Tsar Ivan looks ridiculous, with gray eyes, a long nose and a gag; He is tall in age, has a lean body, has high shoulders, broad chests, thick muscles, a man of wonderful reasoning, content in the science of book teaching, and highly eloquent, daring in the militia and standing up for his fatherland. For his servants, given to him by God, he is cruel-hearted, and for shedding blood for murder he is impudent and implacable; Destroy many people from small to great in your kingdom, and captivate many of your own cities, and imprison many holy ranks and destroy them with unmerciful death, and desecrate many other things against your servants, wives and maidens through fornication. The same Tsar Ivan did many good things, loving the army of the great ones and demanding them from their treasures generously. Such is Tsar Ivan.

N.V. Vodovozov. History of Old Russian Literature

The historian Solovyov believes that it is necessary to consider the personality and character of the tsar in the context of his environment in his youth:

Appearance

Evidence from contemporaries about the appearance of Ivan the Terrible is very scarce. All available portraits of him, according to K. Waliszewski, are of dubious authenticity. According to contemporaries, he was lean, tall and had a good physique. Ivan's eyes were blue with a penetrating gaze, although in the second half of his reign a gloomy and gloomy face was already noted. The king shaved his head, wore a large mustache and a thick reddish beard, which turned gray towards the end of his reign.

The Venetian ambassador Marco Foscarino writes about the appearance of 27-year-old Ivan Vasilyevich: “handsome.”

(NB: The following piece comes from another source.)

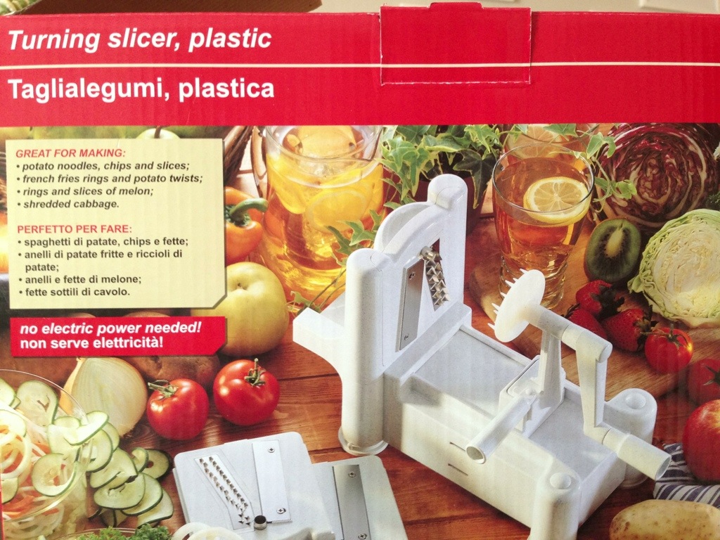 This gadget set me back $34.99 on amazon.com, but it’s well worth it for the sweet potato curly fries and zucchini noodles I can make with it!

The German ambassador Daniil Prince, who visited Ivan the Terrible in Moscow twice, described the 46-year-old Tsar: “He is very tall. The body is full of strength and quite thick, with large eyes that constantly run around and watch everything most carefully. His beard is red (rufa), with a slight tint of black, quite long and thick, but, like most Russians, he shaves the hair on his head with a razor.”

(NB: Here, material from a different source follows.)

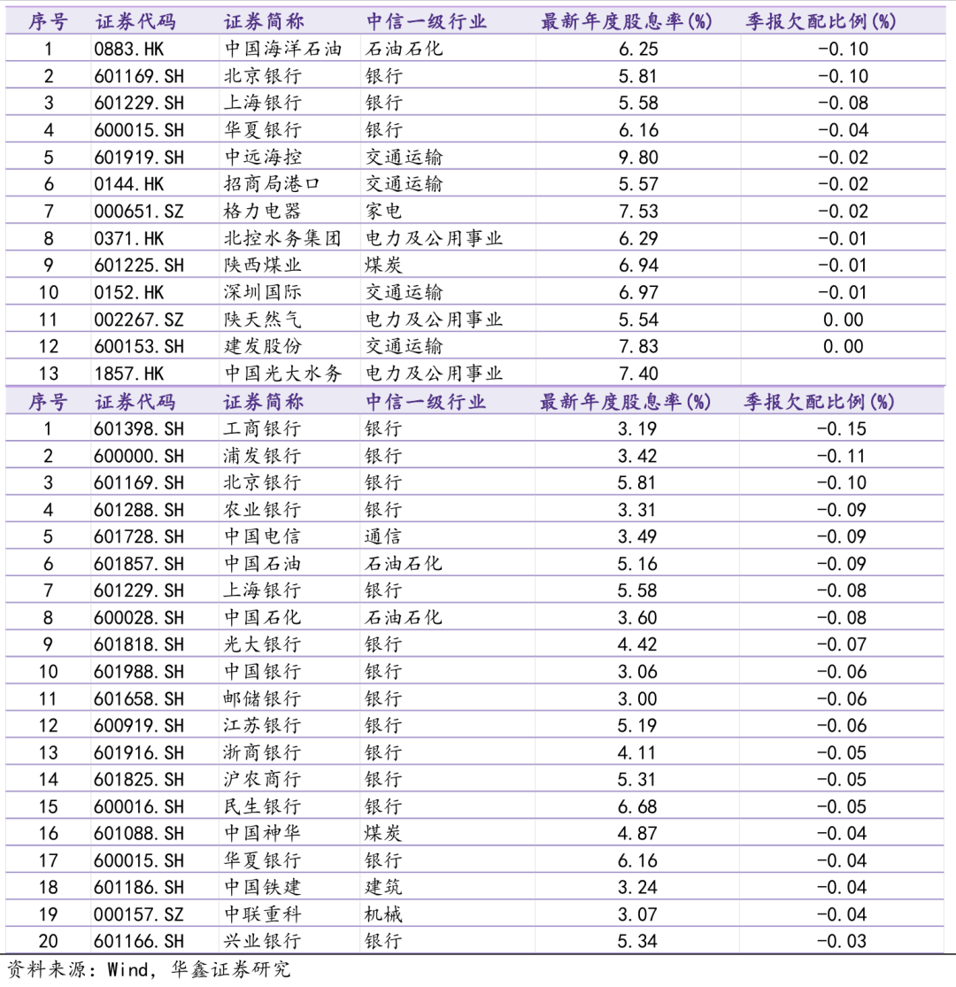 在缩表周期下,股债性价比偏向权益的幅度有限,风格上价值相对占优的概率更高。我们认为,红利类股票大体上应具备以下三个特征:不扩表,盈利好,活下来。综合以上三个特征,并结合公募四季报欠配情况,我们推荐的A+H红利组合包括A+H20只A股组合包括A股20只个股,主要集中在银行、电信、石油石化、交通运输等行业。

In 1963, the tomb of Ivan the Terrible was opened in the Archangel Cathedral of the Moscow Kremlin. The king was buried in the vestments of a schemamonk. Based on the remains, it was established that Ivan the Terrible’s height was about 179-180 centimeters. In the last years of his life, his weight was 85-90 kg. Soviet scientist M. M. Gerasimov used the technique he developed to restore the appearance of Ivan the Terrible from the preserved skull and skeleton. Based on the results of the study, we can say that “by the age of 54, the king was already an old man, his face was covered with deep wrinkles, and there were huge bags under his eyes. Clearly expressed asymmetry (the left eye, collarbone and shoulder blade were much larger than the right ones), the heavy nose of the descendant of the Paleologians, and the disgustingly sensual mouth gave him an unattractive appearance.”

Family and personal life

On December 13, 1546, 16-year-old Ivan consulted with Metropolitan Macarius about his desire to get married. Immediately after the crowning of the kingdom in January, noble dignitaries, okolnichy and clerks began to travel around the country, looking for a bride for the king. A brideshow was held. The king's choice fell on Anastasia, the daughter of the widow Zakharyina. At the same time, Karamzin says that the tsar was guided not by the nobility of the family, but by the personal merits of Anastasia. The wedding took place on February 13, 1547 in the Church of Our Lady.

The Tsar's marriage lasted 13 years, until Anastasia's sudden death in the summer of 1560. The death of his wife greatly influenced the 30-year-old king; after this event, historians note a turning point in the nature of his reign.

A year after the death of his wife, the tsar entered into a second marriage, marrying Maria, who came from a family of Kabardian princes.

The number of wives of Ivan the Terrible has not been precisely established; historians mention the names of seven women who were considered the wives of Ivan IV. Of these, only the first four are “married,” that is, legal from the point of view of church law (for the fourth marriage, prohibited by the canons, Ivan received a conciliar decision on its admissibility). Moreover, according to the 50th rule of Basil the Great, even a third marriage is already a violation of the canons: “ there is no law against trigamy; therefore the third marriage is not consummated by law. We look at such deeds as impurities in the Church, but we do not subject them to public condemnation, as being better than lascivious fornication." The justification for the need for a fourth marriage was the sudden death of the king's third wife. Ivan IV swore to the clergy that she did not have time to become his wife. The king's 3rd and 4th wives were also chosen based on the results of the bride review.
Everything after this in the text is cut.